Heidecker played in various indie rock bands in Philadelphia. In 2008, he made an appearance in the Ben Folds and Regina Spektor music video, "You Don't Know Me".

Davin Wood composed the music for Awesome Show, but Heidecker would sometimes sing and write lyrics. Williams Street Records released both Awesome Record, Great Songs! and Uncle Muscles Presents Casey and His Brother in 2008, featuring music from the first two seasons. Wood previously composed the music for Tom Goes to the Mayor, and he and Heidecker form the duo Heidecker & Wood. Inspired by 1970s soft rock, they released their first album, Starting from Nowhere, on March 15, 2011. The duo released a second album in the same style on November 12, 2013, Some Things Never Stay the Same. They cite the influence of Randy Newman, Warren Zevon, Harry Nilsson, and Boz Scaggs.

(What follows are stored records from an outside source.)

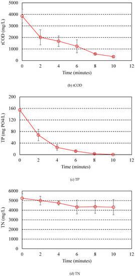 Changes of tCOD, TN, and TP during the treatment process (after the settling) were measured as well (Figure 5b–d). Similar to the trend of turbidity changes, the tCOD and TP of the treated solution exponentially decreased. The tCOD and TP of the reclaimed water were 336.7 mg/L and 0.5 mg PO4/L, respectively. The corresponding removal of tCOD and TP was 99.2% and 99.8%. However, TN removal was insignificant during treatment (Figure 5d), which is similar to a previous study [9]. Nitrogen-based compounds in the effluent include ammonia, nitrate, and nitrite. Due to the strong electronegativity of nitrogen in these compounds, they are very hydrophilic. EC technology is not able to remove them. An electrooxidation process using boron doped diamond (BDD) electrodes was designed and applied to oxidize the nitrogen compounds and remove the TN in the reclaimed water (the results are presented in the Supplementary Materials).
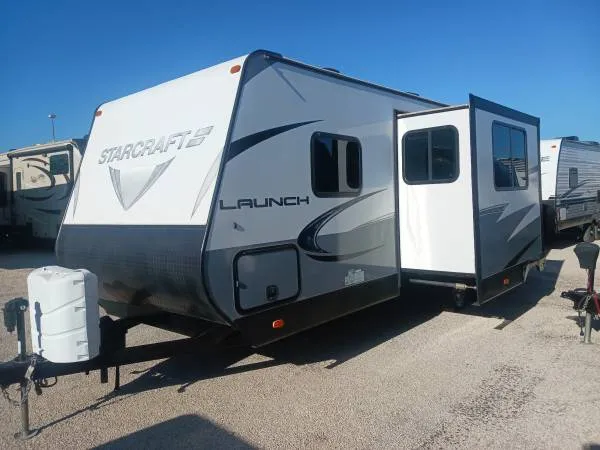 2018 Starcraft Launch model 24 ODK, super nice and clean, no smoke no damage, all major appliances guaranteed to be working properly, this is a fiberglass unit with 1 big slide, will sleep 8 easy, horseshoe Booth dinette in a slide, 2 rear queen bunks, side kitchen with good countertop space and a big pantry, 2 queen rear bunks, great TV location with a mount, front Queen bed with TV already mounted, ducted air conditioning, outside kitchen, power tongue jack, black tank flush and outside shower, aluminum wheels, outside kitchen area, and more! This is a really nice clean unit inside and out ,on sale $16,995, make ready and walk through included we welcome trades and offers, call or text Joe for your BEST deal, 830-660-7074, please call for information on other used and new units we have a lot, right now were loaded with bunkhouse trailers, thanks.
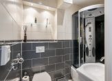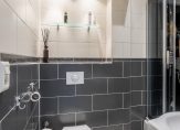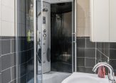 De badkamer is ruim van opzet, is volledig betegeld en beschikt over een douchecabine, wastafelmeubel en een toilet.
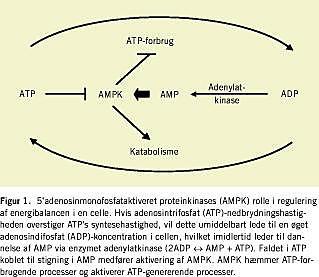 Det er af fundamental vigtighed for levende celler at kunne opretholde en høj adenosintrifosfat (ATP): adenosindifosfat (ADP)-ratio. Ligevægtskoefficienten for ATP:ADP er omkring 10-7 :1 under de intracellulære betingelser, der findes i de fleste celler, men levende celler opretholder faktisk en ratio på ca. 10:1, hvilket således er en faktor 108 fra ligevægt. Denne uligevægtssituation kan sammenlignes med forholdene i et fuldt opladet batteri, og kan som i batteriet bruges til at drive energikrævende processer. I celler oplades »batteriet« gennem kataboliske processer, som resulterer i omdannelse af ADP og fosfat til ATP, hvilket i overvejende grad foregår aerobt i mitokondrierne. Omvendt forbruger de fleste andre cellulære processer ATP, som konverteres til ADP (afladning af »batteriet« under f.eks. proteinsyntese, membranpumpeaktivitet, kontraktil aktivitet), som igen via adenylatkinasereaktionen (2ADP ↔ ATP + AMP) kan videreomdannes til AMP (Figur 1 ). Adenylatkinasereaktionen er den væsentligste årsag til, at systemet faktisk ikke monitorerer ADP-koncentrationen, men snarere AMP-koncentrationen, idet adenylatkinasereaktionen medfører, at AMP: ATP-ratioen varierer som kvadratet af ADP: ATP-ratio og således er meget mere følsom end ADP: ATP-ratioen. Det forekommer indlysende, at der må eksisterer kontrolsystemer, der afpasser de ATP-genererende processers hastighed til hastigheden, hvormed ATP forbruges, og det er derfor overraskende, at det system, der i væsentlig grad regulerer denne balance, nemlig 5'ade-nosinmonofosfataktiveret proteinkinase (AMPK) først er blevet kendt inden for de seneste godt ti år. Det er i løbet af de seneste år også blevet klart, at AMPK tilsyneladende spiller en vigtig rolle i reguleringen af kroppens metabolisme og i reguleringen af appetitten, hvorfor dysregulering af AMPK har været foreslået at være medvirkende til udvikling af fedme, det metaboliske syndrom og type 2-diabetes. Endvidere kendes der sygdomme, som skyldes mutationer i AMPK-genet, og som bl.a. kan lede til hjertesygdomme og glykogenophobning.
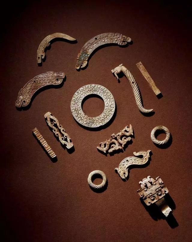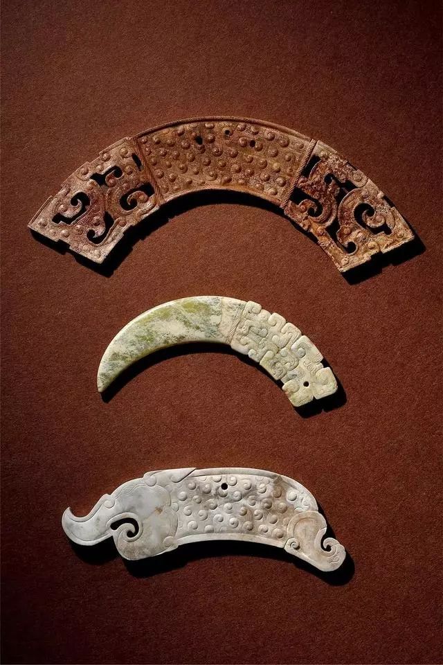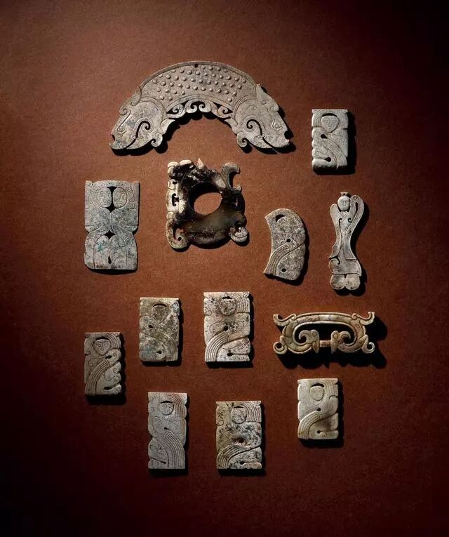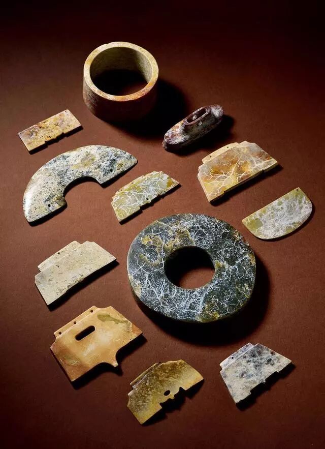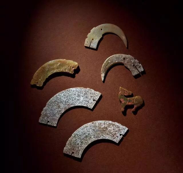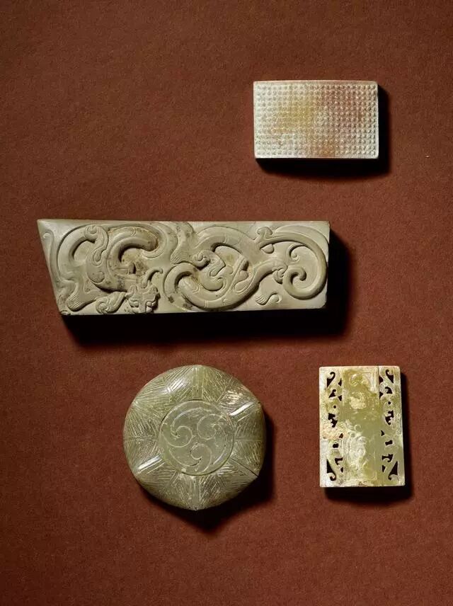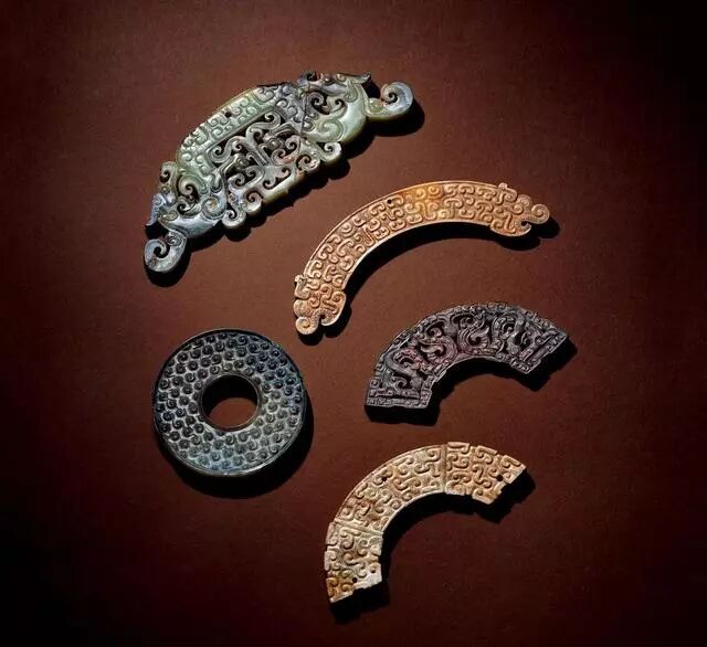 玉龙首谷纹璜三件、玉镂雕盘龙纹璜和玉谷纹璧各一件
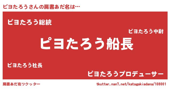 | 意味不明あだ名 | 『自称ピヨたろう』『ペロリンピヨたろう』 |
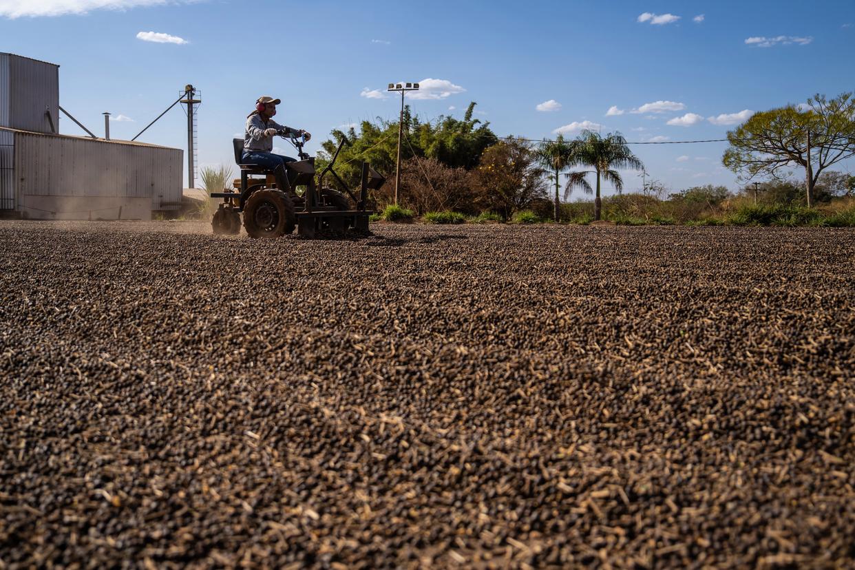 2025年8月27日,在位于巴西米纳斯吉拉斯州巴拉那伊巴河畔卡尔穆的一家咖啡庄园,工作人员驾驶机械翻动晾晒中的咖啡豆。新华社记者王天聪摄 巴西咖啡出口企业委员会说,上述变化主要因为特朗普政府一度对巴西咖啡大幅征收关税。2025年8月初至11月末,美国对巴西所有咖啡品类征收高关税,在此期间,巴西出口到美国的咖啡同比锐减55%。
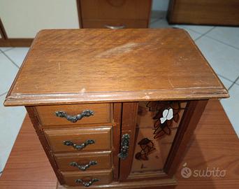 Oggetto di probabile interesse collezionistico, in discrete condizioni con qualche graffio superficiale e carillon funzionante all'apertura del cassettino . Prezzo trattabile!
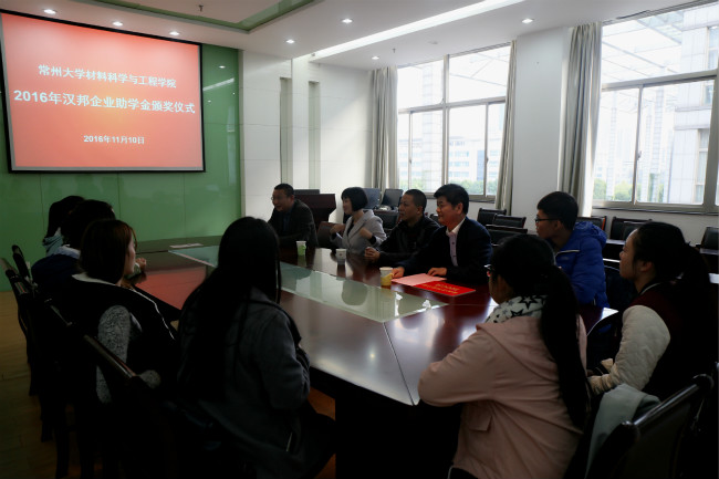 2016年11月10日下午,材料学院举行了“常州汉邦助学金”颁发仪式暨受助学生座谈会。常州汉邦工程塑料有限公司董事长、我校高分子专业校友黄旭辉先生一行出席了颁发仪式,院长陈智栋,院党委副书记李文明及全体受助学生参加了本次颁发仪式。颁发仪式由李文明主持。

In 2012, Heidecker contributed a parody campaign jingle for Herman Cain's presidential bid titled "Cain Train". This was the first of nine songs which would eventually become a full album, titled Cainthology: Songs in the Key of Cain. Proceeds from the album's benefited the Violence Intervention Program. The number nine was chosen as the number of songs, and $9.99 the original price, in reference to Herman Cain's 9–9–9 financial plan.

Before the release of Bob Dylan's album Tempest in September 2012, Heidecker released a Dylan pastiche called "Titanic", spoofing the news that the album would feature a 14-minute track about the RMS Titanic. In 2013, he released two more Dylan parodies, "Running Out the Clock", inspired by Dylan's 1983 album Infidels, and "Long Black Dress", a song in the actual style of Dylan's album Tempest. He also collaborated with the indie band The Earth is a Man on a cover of Dylan's "All the Tired Horses."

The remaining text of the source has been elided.